А там в свете множества ярко горевших свечей в мнимом одиночестве бушевали страсти, как казалось боярыням, такой силы, от коих, случалось, и двойни нарождались. Боярыни Авдотья и Варвара, отваливаясь телесами от стены с глазницей, истово крестились. Варвара, забыв о всякой осторожности, воскликнула:

— Истинно государь-батюшка ублажил государыню досыта! Еленушка лежит недвижна и ручки раскинула, жмурится и улыбается от неги.

— Ах, срамница, хоть бы наготу прикрыла, — заметила Авдотья, вновь приникнув к глазнице.

Князь Тучков-старший взялся теснить Авдотью.

— Полно, хватит владеть зрелищем! — потребовал он.

И Захарьин с Горбатовым возмутились.
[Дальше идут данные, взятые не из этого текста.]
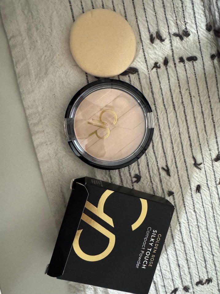 Golden Rose markalı açıktonlarda kompakt pudra, yuvarlak aplikatör sünger ve siyah ambalaj ile birlikte.Bana hediye geldiği için rengi uymuyor, sıfr üründür. Süngeri dahi tertemizdir, kutusunda yollanacaktır. Alana şans getirsin♥️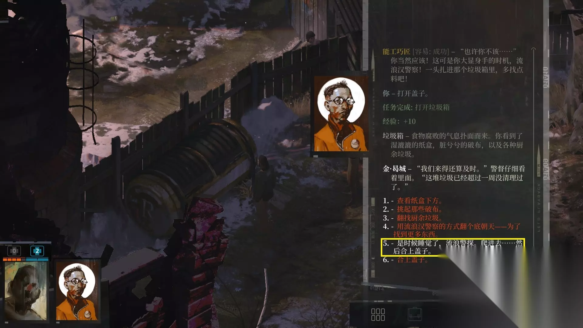 完成后,前往垃圾桶。垃圾桶在库诺和女孩之间的位置,与垃圾桶对话。如果运气好,你可以赤手空拳打开垃圾桶(这就是为什么选择肉体派的原因),如果运气不好,用警官的撬棍打开,或者返回褴褛飞旋找经理拿垃圾桶的钥匙。打开垃圾桶后对话,选择“是时候睡觉了,流浪警探。爬进去......然后合上盖子。”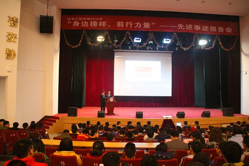 下午2点,报告会正式开始。刘光书记为本次大会致开幕词,他表示同学们要向那些优秀的学长学姐们看齐,在这四年里要勤奋学习。这次先进事迹报告会邀请了王鹏,刘鹏飞,李静,周思远,杨星,李鑫,王恒先,沈文祥这8名优秀大学生上台演讲。他们中既有学术达人、全能达人又有文艺达人。报告中,学长学姐们纷纷结合自己的大学亲身经历,谈到作为新一代大学生应该要把学习放在第一位,在此基础上还要积极参加各项社会活动以及各种学科竞赛,找到适合自己发展的兴趣,丰富自己的大学生活,全面提升自己的素质和能力,珍惜大学四年的宝贵时间。最后,张丽花老师为本次大会做总结。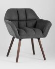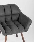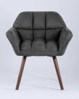 Оригинальное мягкое дизайнерское кресло с удобными подлокотниками. Ножки выполнены из массива бука. В качестве обивки используется износостойкая прочная замша, которая не истирается и не линяет со временем. Кресло отличает толстая спинка и сиденье, украшенные красивой строчкой, которая добавляет креслу интересной фактуры. Каркас металлический, выдерживает нагрузку до 150 кг. Высота подлокотников от пола составляет 62 см.

Им тоже нужно было узреть вершину торжества великокняжеской четы. В опочивальне, однако, огонь отбушевал и великий князь Василий Иванович больше не пылал страстью. Елена ещё понежилась в постели, показала всем боярам-князьям свои молодые прелести и потянулась за шёлковым далматиком, забыв надеть льняную белоснежную исподницу. Она прикрыла покрывалом алые маки невинности и встала. И свидетели «государева дела» покинули тайную камору, появились в малом покое перед государевой опочивальней. Там толпилось множество вельмож второго разряда. Все они смотрели на вошедших счастливцев жадными глазами и ждали от них откровения. Лишь митрополит Даниил шёпотом спросил князя Фёдора Овчину:

— Одарил ли Всевышний молодых благодатью?

— Щедроты Божии проявились в меру, — ответил достаточно громко князь.

Эти слова услышали все, кто был в покое. И, возбуждённо разговаривая, вельможи повалили чередой в Столовую брусяную избу, к накрытым яствами и хмельным столам, дабы продолжить свадебный пир.

Сам великий князь был доволен собой, потому как давно не испытывал такого блаженства. Он, как показалось ему, исполнил свой супружеский долг сполна и вскоре, утомлённый долгим свадебным днём, сладко уснул.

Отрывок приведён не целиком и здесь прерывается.